Q. There has been a lot of talk about economic reactivation and the return to schools. What should we expect from health systems in the post-pandemic Latin American region?

A. The pandemic has exposed major gaps in the preparation and response to pandemics, and the need to break away from a chronic lack of investment in public health emergency responses. After the pandemic, it is hoped that governments will make the necessary investments in public health preparation and response, starting with laboratory networks and more solid oversight, investments in the public health labor force, and investments in better information systems to track and adapt to the dynamics of epidemics and future pandemics. Health systems will also have to be strengthened by focusing on more resilient primary health care, capable of assisting with the oversight and response to public health emergencies. Finally, the elusive promise of universal health coverage must be a priority so that governments can offer access to effective, high-quality services to all citizens, especially the most vulnerable, at no cost.

Q. In terms of investment, what should be the priorities for the health systems in this context of recovery and uncertainty?

A. Priority must be given to investments in the recovery of essential health services, such as the vaccination of children, school feeding programs and other nutrition services, planned surgeries that were postponed, and of course, it must be ensured that persons with chronic diseases have access to services to manage their diseases. In addition, governments should invest in better preparation for future pandemics, especially by strengthening their oversight and information systems, and basic public health capacities, including access to strategic inputs, such as vaccines. Finally, there must be investment in high-performance primary health care, focused on prevention and the provision of quality services to citizens when they need it and where they need it.

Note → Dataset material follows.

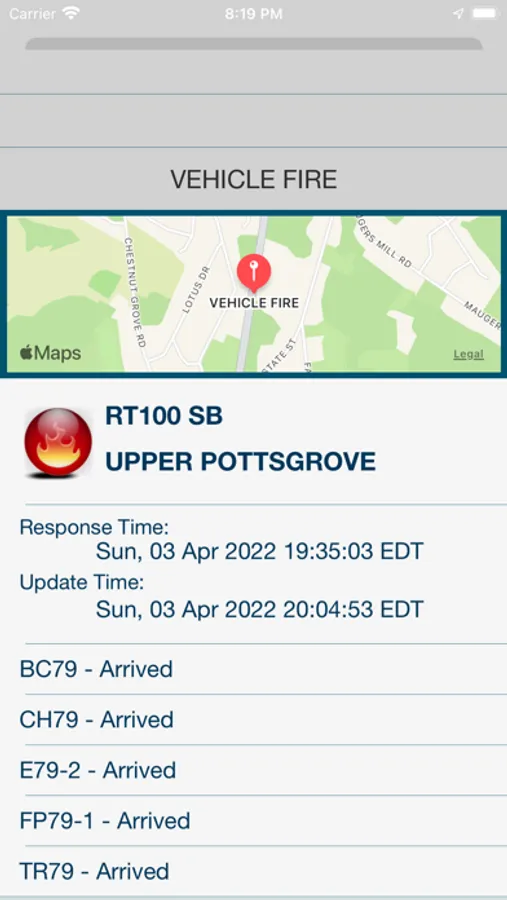 - Detail window describing the nature of the incident, time that it occurred in the local time for the device, location, and easily viewed list of responding units.

Q. What lessons has the pandemic taught us and how can we put them into practice in the health systems in the region?

A. We have seen a lot of innovation geared toward improving access to services: for example, Colombia has increased the number of consultations done by telemedicine tenfold during the pandemic. This also applies to other innovations, such as online bank accounts that are offered to the poorest to receive social protection benefits during periods of isolation. Digital transformation remains key in the region, as does the use of technology to improve access to care when needed. However, access to care does not always mean access to quality care, which is what people want. Focusing on leveraging technology to improve the quality of care, especially for the most vulnerable or those living in remote areas, will be essential in the recovery of health systems.